§ Aim of the exercise
The reply should hold only the lines below beginning at the one with "109. 伊那市の遠望 何もない風景。ただ広がりが目の前にある。" and ending at the one with "Machine Washable Faux", copied exactly, with every picture left out.

§ Material for the task

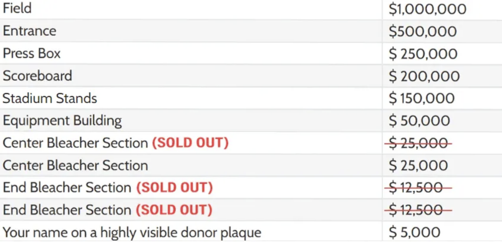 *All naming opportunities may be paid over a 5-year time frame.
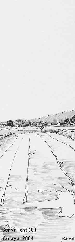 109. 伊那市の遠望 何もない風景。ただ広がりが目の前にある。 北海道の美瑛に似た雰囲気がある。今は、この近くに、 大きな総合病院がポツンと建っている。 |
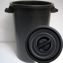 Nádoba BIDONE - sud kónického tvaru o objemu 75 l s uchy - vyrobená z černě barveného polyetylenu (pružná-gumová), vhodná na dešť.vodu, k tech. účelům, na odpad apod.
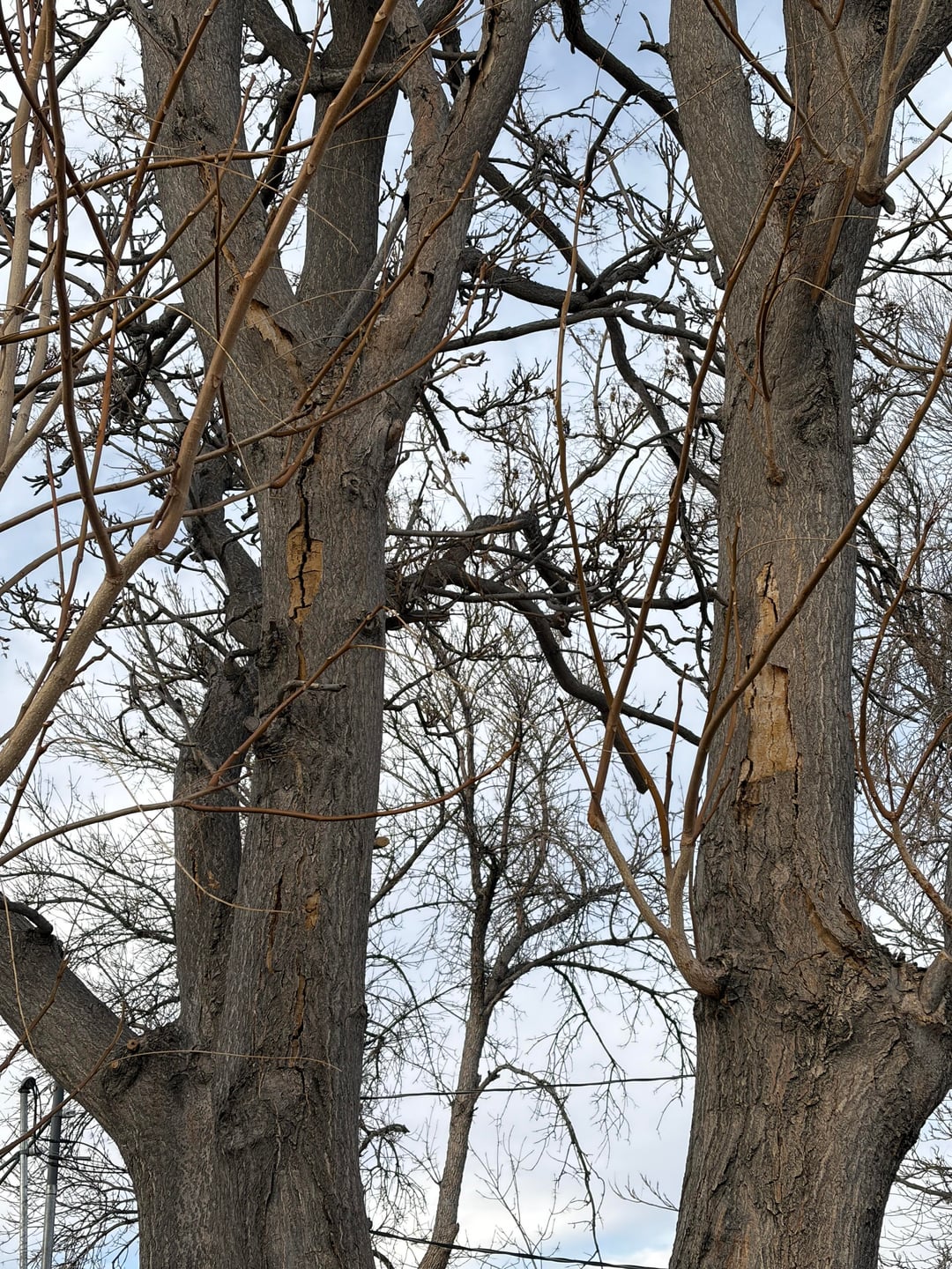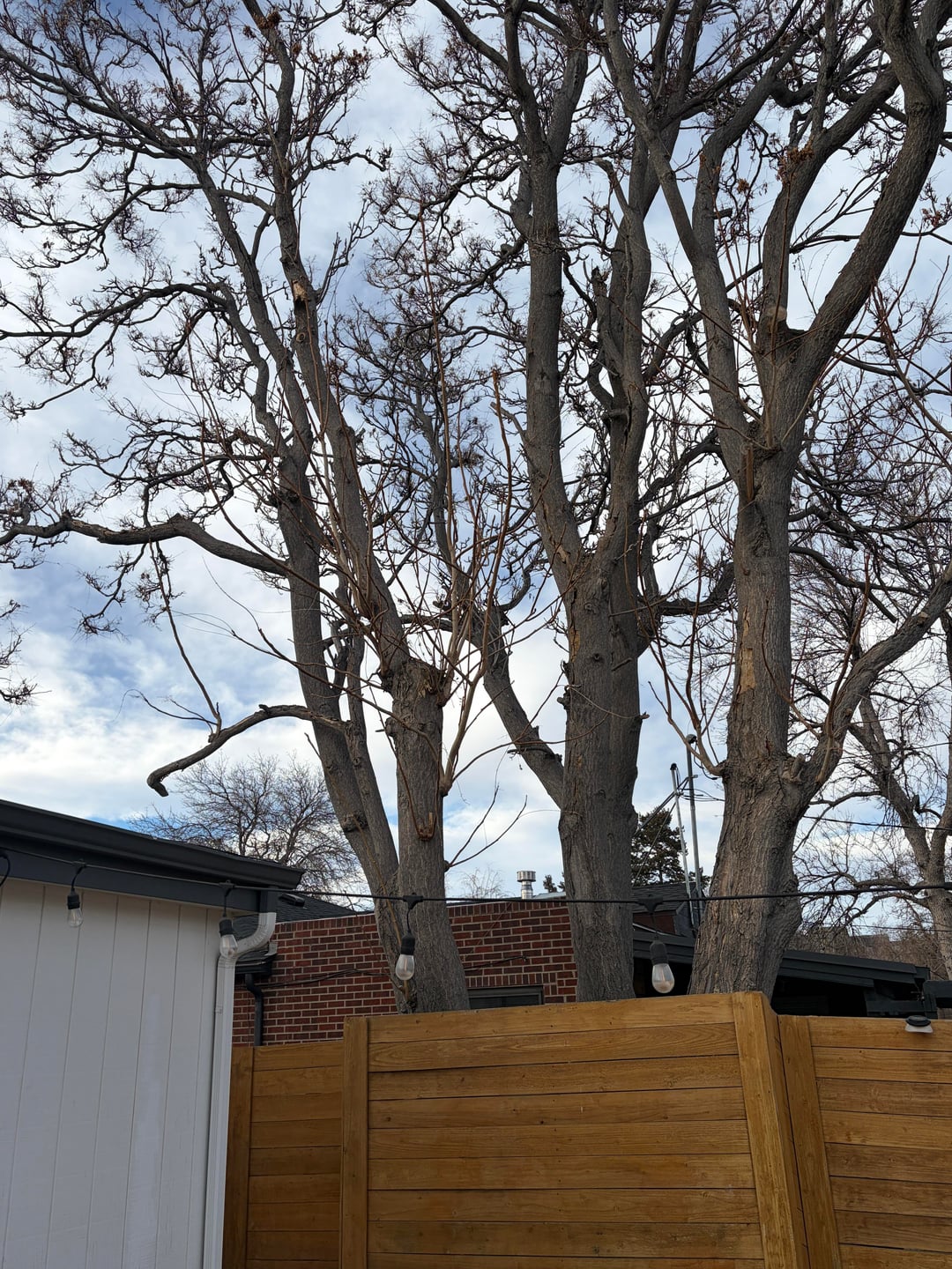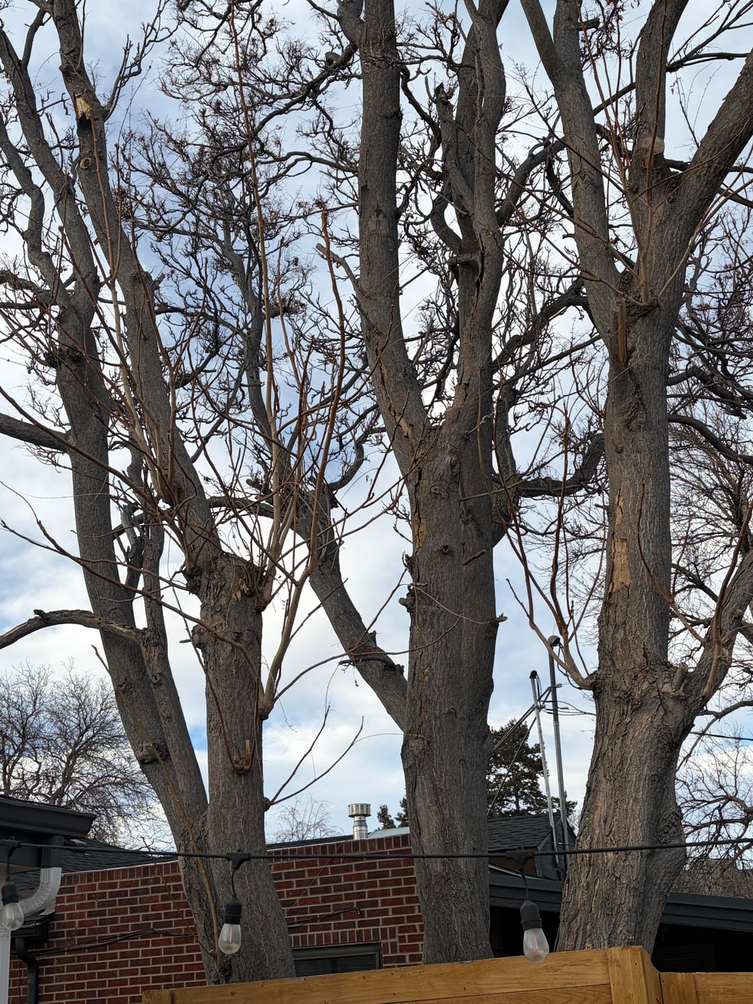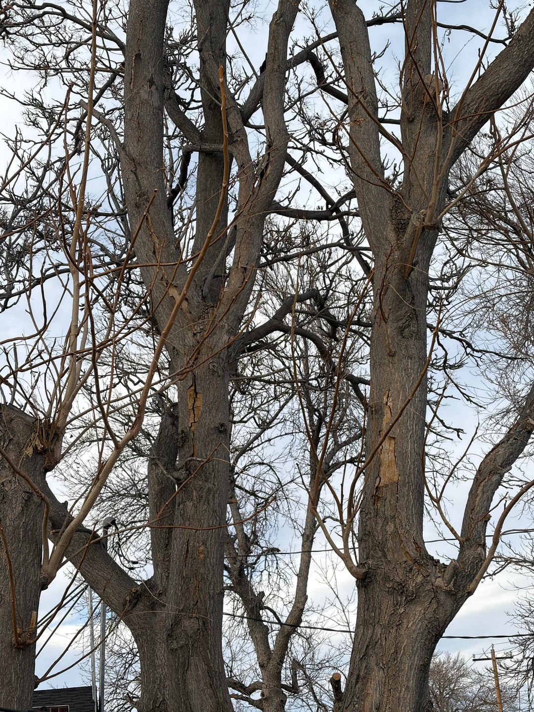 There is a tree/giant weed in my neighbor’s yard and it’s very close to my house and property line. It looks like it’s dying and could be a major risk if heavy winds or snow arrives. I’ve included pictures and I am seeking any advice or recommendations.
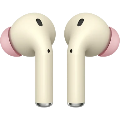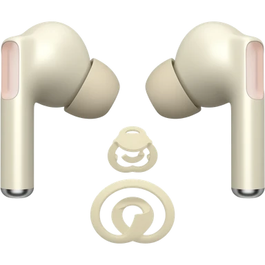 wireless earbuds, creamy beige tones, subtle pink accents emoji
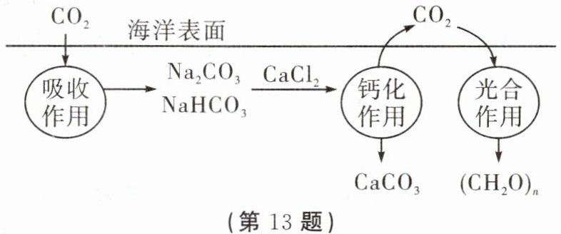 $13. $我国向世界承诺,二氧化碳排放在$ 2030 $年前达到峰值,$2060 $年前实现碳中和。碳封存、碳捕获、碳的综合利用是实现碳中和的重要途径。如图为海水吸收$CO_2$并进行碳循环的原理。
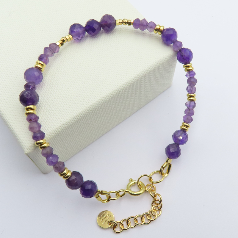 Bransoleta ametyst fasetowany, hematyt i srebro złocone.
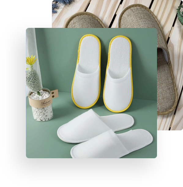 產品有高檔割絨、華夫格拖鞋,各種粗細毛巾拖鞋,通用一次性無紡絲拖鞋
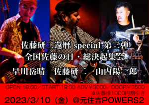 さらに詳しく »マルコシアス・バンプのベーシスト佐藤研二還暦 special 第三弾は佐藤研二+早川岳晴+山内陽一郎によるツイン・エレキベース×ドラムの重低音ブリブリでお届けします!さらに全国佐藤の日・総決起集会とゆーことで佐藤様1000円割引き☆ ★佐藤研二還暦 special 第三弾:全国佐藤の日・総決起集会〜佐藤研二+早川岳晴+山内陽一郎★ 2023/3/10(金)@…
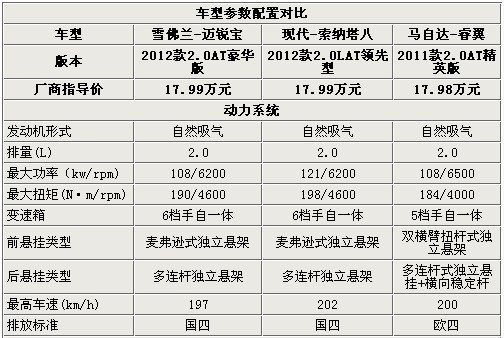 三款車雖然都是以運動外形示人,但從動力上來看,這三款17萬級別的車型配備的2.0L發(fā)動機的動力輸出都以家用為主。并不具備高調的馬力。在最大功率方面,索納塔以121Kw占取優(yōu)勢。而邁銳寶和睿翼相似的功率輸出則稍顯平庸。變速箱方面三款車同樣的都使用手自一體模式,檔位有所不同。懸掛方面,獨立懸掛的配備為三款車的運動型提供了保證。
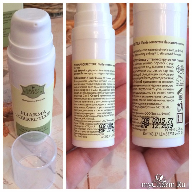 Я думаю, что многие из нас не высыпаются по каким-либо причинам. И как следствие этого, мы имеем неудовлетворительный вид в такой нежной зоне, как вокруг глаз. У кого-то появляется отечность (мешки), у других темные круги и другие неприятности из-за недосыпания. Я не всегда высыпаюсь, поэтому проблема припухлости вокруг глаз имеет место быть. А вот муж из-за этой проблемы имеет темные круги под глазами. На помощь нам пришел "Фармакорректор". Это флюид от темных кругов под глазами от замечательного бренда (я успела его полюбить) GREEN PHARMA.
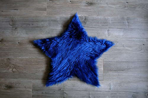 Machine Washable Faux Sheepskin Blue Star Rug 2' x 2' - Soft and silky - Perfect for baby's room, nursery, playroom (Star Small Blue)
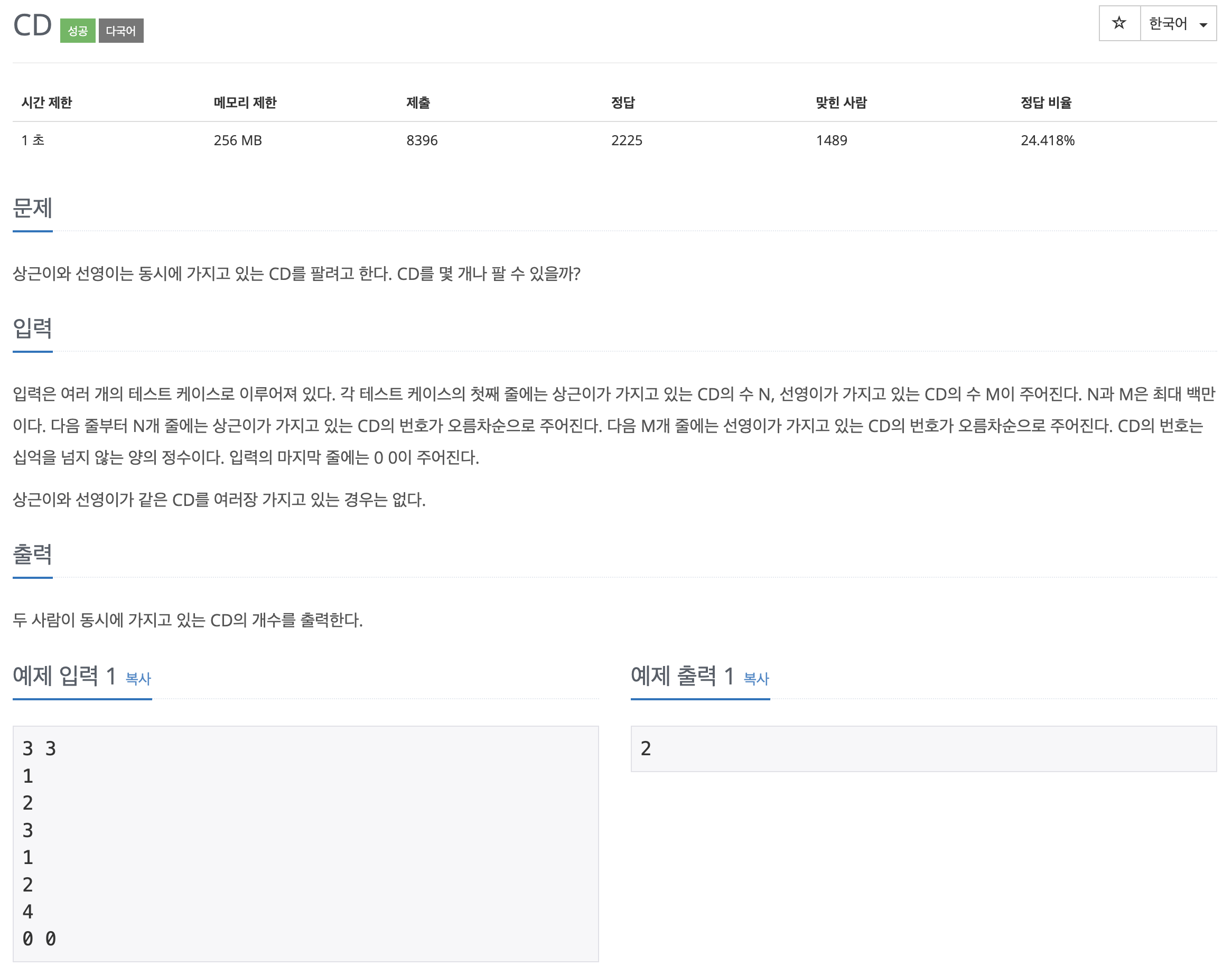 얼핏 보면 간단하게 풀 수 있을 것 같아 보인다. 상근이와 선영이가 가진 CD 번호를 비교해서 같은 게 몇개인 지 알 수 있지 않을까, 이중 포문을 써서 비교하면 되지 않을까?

§ Answer section
 109. 伊那市の遠望 何もない風景。ただ広がりが目の前にある。 北海道の美瑛に似た雰囲気がある。今は、この近くに、 大きな総合病院がポツンと建っている。 |
 Nádoba BIDONE - sud kónického tvaru o objemu 75 l s uchy - vyrobená z černě barveného polyetylenu (pružná-gumová), vhodná na dešť.vodu, k tech. účelům, na odpad apod.
 There is a tree/giant weed in my neighbor’s yard and it’s very close to my house and property line. It looks like it’s dying and could be a major risk if heavy winds or snow arrives. I’ve included pictures and I am seeking any advice or recommendations.
 wireless earbuds, creamy beige tones, subtle pink accents emoji
 $13. $我国向世界承诺,二氧化碳排放在$ 2030 $年前达到峰值,$2060 $年前实现碳中和。碳封存、碳捕获、碳的综合利用是实现碳中和的重要途径。如图为海水吸收$CO_2$并进行碳循环的原理。
 Bransoleta ametyst fasetowany, hematyt i srebro złocone.
 產品有高檔割絨、華夫格拖鞋,各種粗細毛巾拖鞋,通用一次性無紡絲拖鞋
 さらに詳しく »マルコシアス・バンプのベーシスト佐藤研二還暦 special 第三弾は佐藤研二+早川岳晴+山内陽一郎によるツイン・エレキベース×ドラムの重低音ブリブリでお届けします!さらに全国佐藤の日・総決起集会とゆーことで佐藤様1000円割引き☆ ★佐藤研二還暦 special 第三弾:全国佐藤の日・総決起集会〜佐藤研二+早川岳晴+山内陽一郎★ 2023/3/10(金)@…
 三款車雖然都是以運動外形示人,但從動力上來看,這三款17萬級別的車型配備的2.0L發(fā)動機的動力輸出都以家用為主。并不具備高調的馬力。在最大功率方面,索納塔以121Kw占取優(yōu)勢。而邁銳寶和睿翼相似的功率輸出則稍顯平庸。變速箱方面三款車同樣的都使用手自一體模式,檔位有所不同。懸掛方面,獨立懸掛的配備為三款車的運動型提供了保證。
 Я думаю, что многие из нас не высыпаются по каким-либо причинам. И как следствие этого, мы имеем неудовлетворительный вид в такой нежной зоне, как вокруг глаз. У кого-то появляется отечность (мешки), у других темные круги и другие неприятности из-за недосыпания. Я не всегда высыпаюсь, поэтому проблема припухлости вокруг глаз имеет место быть. А вот муж из-за этой проблемы имеет темные круги под глазами. На помощь нам пришел "Фармакорректор". Это флюид от темных кругов под глазами от замечательного бренда (я успела его полюбить) GREEN PHARMA.
 Machine Washable Faux Sheepskin Blue Star Rug 2' x 2' - Soft and silky - Perfect for baby's room, nursery, playroom (Star Small Blue)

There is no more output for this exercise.